# Nth Wall Enjoyable Donut



## mackayaker (Aug 14, 2010)

Launched to a spectacular sunrise at Mackay harbour's Nth Wall with Qwickdraw, trolled around the wall and the general area in great conditions but no bait schools or any other evidence of action. After an hour or so we decided to go for a paddle out to Slade rock with a nice swell coming through and a little bit of chop, at this stage it was challenging but not too hard. As we approached the rock a friendly dolphin decided to stop by and say hello but I wasn't quick enough with the camera unfortunately. It was a little too rough to be comfortable fishing around there so we trolled back to the shelter of the wall. It was Qwickdraws first venture out that far and only my 3rd time at Nth wall but we had an enjoyable time exploring the area even if the fish wouldn't play the game.
Cheers Scotty


----------



## Guest (Jun 15, 2013)

Stop hijacking threads salti you need to fish to get a donut and its been a while scince my last.


----------



## bungy (Jan 1, 2008)

Hi ya Scoty & Pete

Didn't look to good early in the morning but calmed down later. I was hoping to hear of fishy tales.....Only ventured out that way once.

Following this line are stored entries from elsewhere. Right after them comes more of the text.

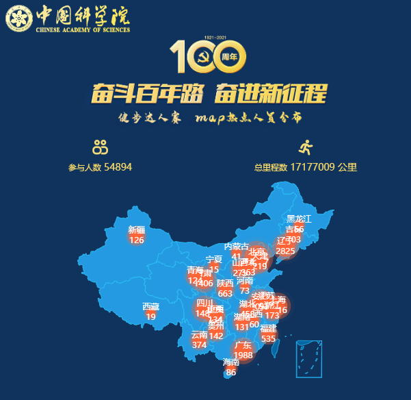为庆祝中国共产党成立100周年,中科院工会、体协结合党史学习教育,聚焦职工健康期盼,在全院范围内举办了“奋斗百年路奋进新征程”线上健步达人赛。活动始于3月23日,止于6月30日,历时100天,线上参赛近5.5万人,覆盖全国31个省区市,总里程达1700余万公里,活动规模创造了中科院全民健身单项活动的历史纪录。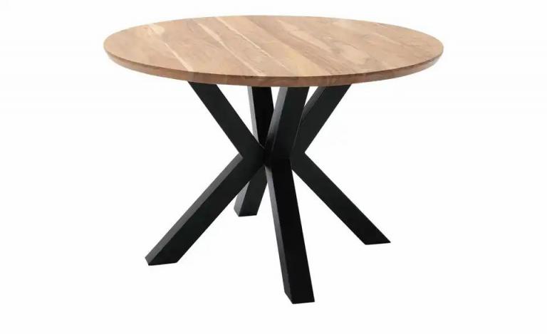 Zeitlos und kombinationsfreudig Stabiles Gestell aus Metall Platte mit durchgehender Lamelle Maße Gesamthöhe: 77 cm Durchmesser: 120 cm Höhe Tischunterkante: 73,5 cm Stärke Tischplatte: 3,5 cm Merkmale Stilrichtung: Zeitlos Modern Form: rund rund Ausführung Tischkante: schräge Tischkante Ausführung: Platte mit durchgehender Lamelle Platz für ca.: 4 Personen Ausstattung Gestell: Sternfußgestell Hinweise Reinigungsart & Pflegehinweise: Oberfläche mit feuchtem Baumwolltuch abwischen und mit trockenem Tuch nachwischen Material & Farbe Farbe / Dekor Gestell: Schwarz pulverbeschichtet Material Tischplatte: Massivholz Material Gestell: Metall Farbe / Dekor: Akazie Natur lackiert Artikelnummer: 15304250 Lieferung ohne Dekoration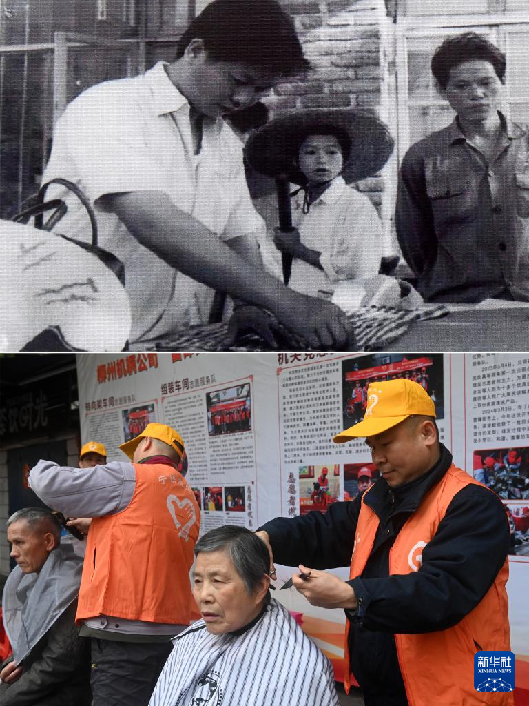 拼版照片:上图:20世纪70年代,“雷锋街市”志愿者为市民裁剪衣服(柳州机车车辆有限公司供图)。下图:2025年3月5日,在广西柳州市革新路“雷锋街市”,志愿者在为市民理发(新华社记者 陆波岸 摄)。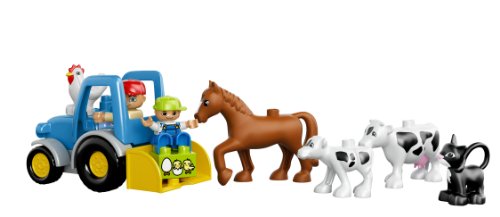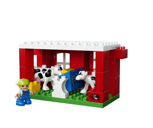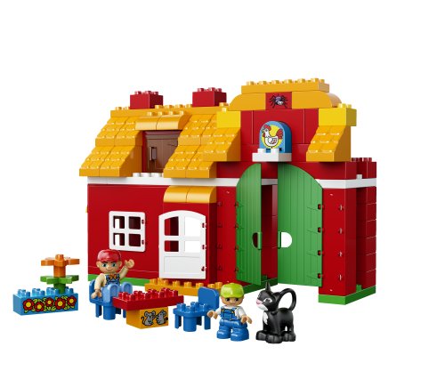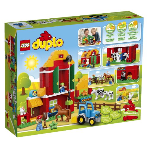 - Feature : Includes 2 LEGO DUPLO figures: a farmer and child; Also includes a horse, calf, cow, chicken and a cat / Features a barn with opening doors and a winch to lift the hay, farmhouse with redesigned roof, stable, buildable DUPLO tractor and a fence / Farmhouse features opening door and window, flower-decorated DUPLO brick and 2 chairs; Stable features an opening window, a swiveling feeding trough / Accessories include a pitchfork, feeding trough, 2 flower elements, classic and decorated DUPLO; Buildable tractor features a detachable bucket / Farmhouse measures over 7" high, 3" wide and 6" deep; Barn measures over 11" high, 7" wide and 5" deep; Stable measures 8" high, 8" wide and 6" deep

At least an enjoyable outing....


----------



## qwikdraw (Sep 23, 2012)

It was a gorgeous morning , pretty sunrise and bugga all wind , thought it was gunne be blowey when i first arrived but it settled down before we even got the yaks onto the sand , was a good paddle to the rock and back , saw a friendly dolphin and one lone jellyfish in the water , is different to paddling in the river , was enjoyable , pity we have no surf to ride back into the shore


----------



## HAWKEYE3 (Jan 8, 2009)

Its been more than 25 years since I experienced this bit of water.

Enjoy.

Regards

Ian


----------



## SamT (Feb 27, 2011)

Good stuff Scotty & Pete,
The swell can certainly stack up on the southern side of that island. 
I've been there a couple of times thinking "I hope I don't hook a fish at the moment, I need to keep paddling!" :shock:


----------



## Slide (Oct 25, 2007)

Mackerel season....tick, tick, tick....

Prepare your rigs, order your lures, sharpen your hooks.


----------



## bundyboy (Sep 6, 2009)

What's the consensus on when the season actually is up here as I trolled up a small schoolie the other morning?


----------



## Brownie (Aug 15, 2007)

Slide said:


> Mackerel season....tick, tick, tick....
> 
> Prepare your rigs, order your lures, sharpen your hooks.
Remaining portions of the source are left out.